My journey at Principal over the past three decades has included many roles. From starting my career as an actuary to leading the U.S. insurance and group benefits business, each of my roles has profoundly shaped my approach as CFO. While not necessarily a traditional path, my journey has afforded me a deep understanding of our organization’s history, culture and client needs, which is invaluable in strategic financial decision-making.

More than anything, my prior roles taught me the importance of building strong, client-centric strategies, as well as the critical integration of strategic planning, financial outcomes and operational execution, items I’ve carried into my current position.

I believe it is important for others to recognize that there is no one path to becoming a CFO, and others in the role should feel confident that their background and unique experiences can drive impact at their organization. This understanding can guide more informed and context-aware decision-making, ultimately fostering a more resilient and forward-thinking leadership approach. 

As you look ahead, how do you see the role of the CFO continuing to evolve? What steps do you personally take to continue growing in your role?

In the past, CFOs were primarily responsible for financial reporting and compliance. Today, we have seen the role shift toward becoming strategic leaders in the organization, actively contributing to the company’s overall strategy, and working closely with the CEO and the board of directors to make key financial and strategic decisions that drive growth and profitability.

As the CFO of a public company, I also play a key role in communicating our strategy and the financial decisions we make to our current and prospective shareholders and analysts. I expect this evolution will only continue, with the role continuing to grow in importance and impact.

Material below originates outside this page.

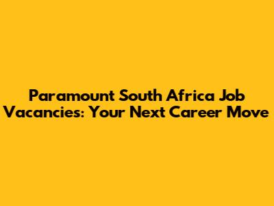 Paramount South Africa Job Vacancies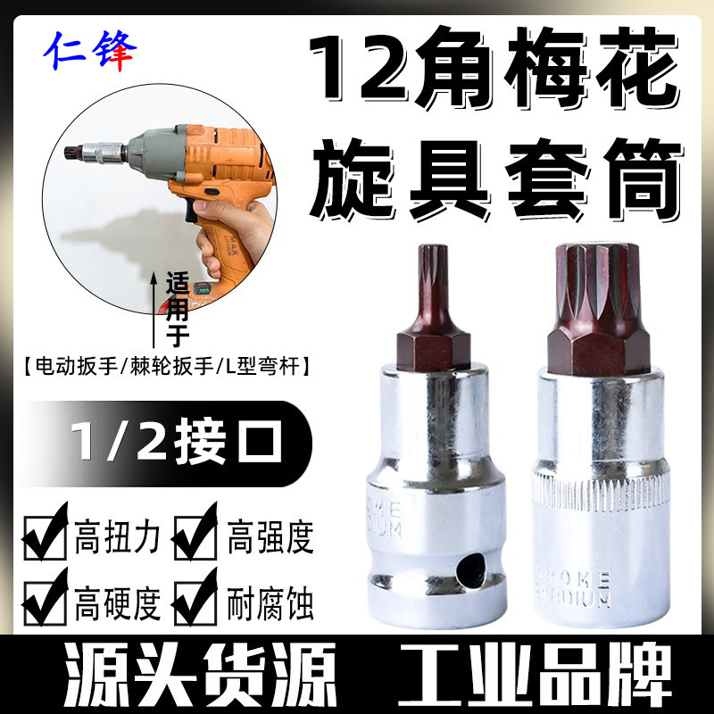 55mm12 角ドライバーソケット 梅花風砲花型ソケット 1/2 電動レンチソケット バッチヘッド 四角プレスバッチ

Beyond this, the role will continue to evolve alongside the industry, embracing technological advancements and increasing focus on data-driven decision-making.

To stay at the forefront of this evolution, I prioritize continuous learning, staying informed about industry trends, networking with peers and fostering innovation within my organization.

But most importantly, collaborating with and learning alongside my team and fellow executive management peers teaches me something new each day—their curiosity and passion encourages me to remain dynamic and responsive, always looking for the next step we can take to meet the evolving needs of our organization, customers and stakeholders.